Yun Xia, Jing Chen, Chongwen Gong, Hongxiang Chen, Jiaming Sun
Department of Plastic Surgery, Union Hospital, Tongji Medical College, Huazhong University of Science and Technology, Wuhan, Hubei, China (mainland)
Med Sci Monit 2016; 22:1360-1367
The identification and use of novel compounds alone or in combination hold promise for the fight against NRAS mutant melanoma.
MATERIAL AND METHODS: We screened a kinase-specific inhibitor library through combining it with α-Mangostin in NRAS mutant melanoma cell line, and verified the enhancing effect of α-Mangostin through inhibition of the tumorigenesis pathway.

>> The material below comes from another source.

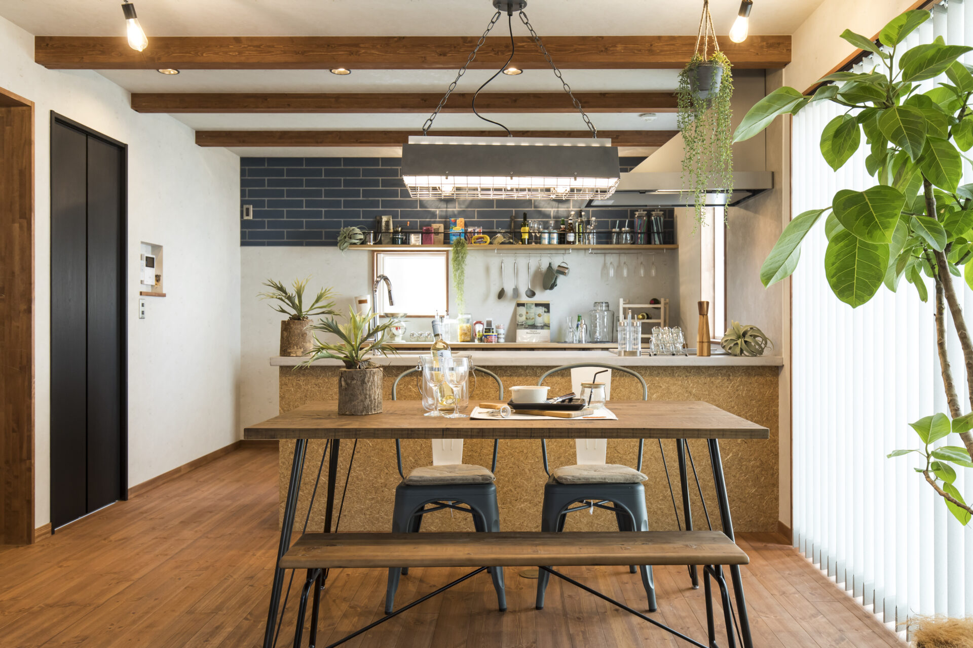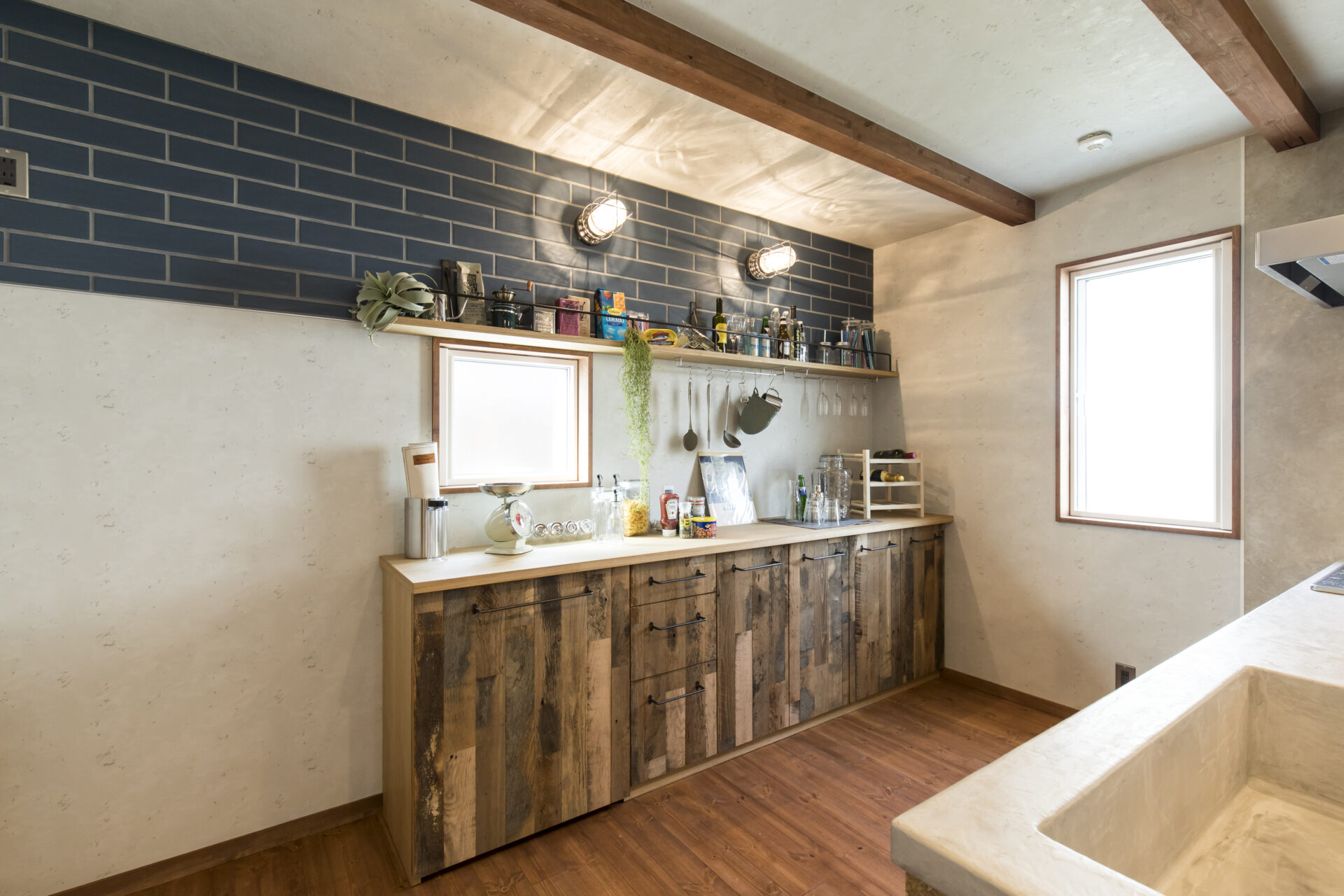 ラフさとおしゃれさが共存する、キッチンまわりの印象的なポイントです。

RESULTS: Within the kinase inhibitors, retinoic acid showed a significant synergistic effect with α-Mangostin. α-Mangostin also can reverse the drug resistance of retinoic acid in RARa siRNA-transduced sk-mel-2 cells. Colony assay, TUNEL staining, and the expressions of several apoptosis-related genes revealed that a-Mangostin enhanced the effect of retinoic acid-induced apoptosis. The combination treatment resulted in marked induction of ROS generation and inhibition of the AKT/S6 pathway.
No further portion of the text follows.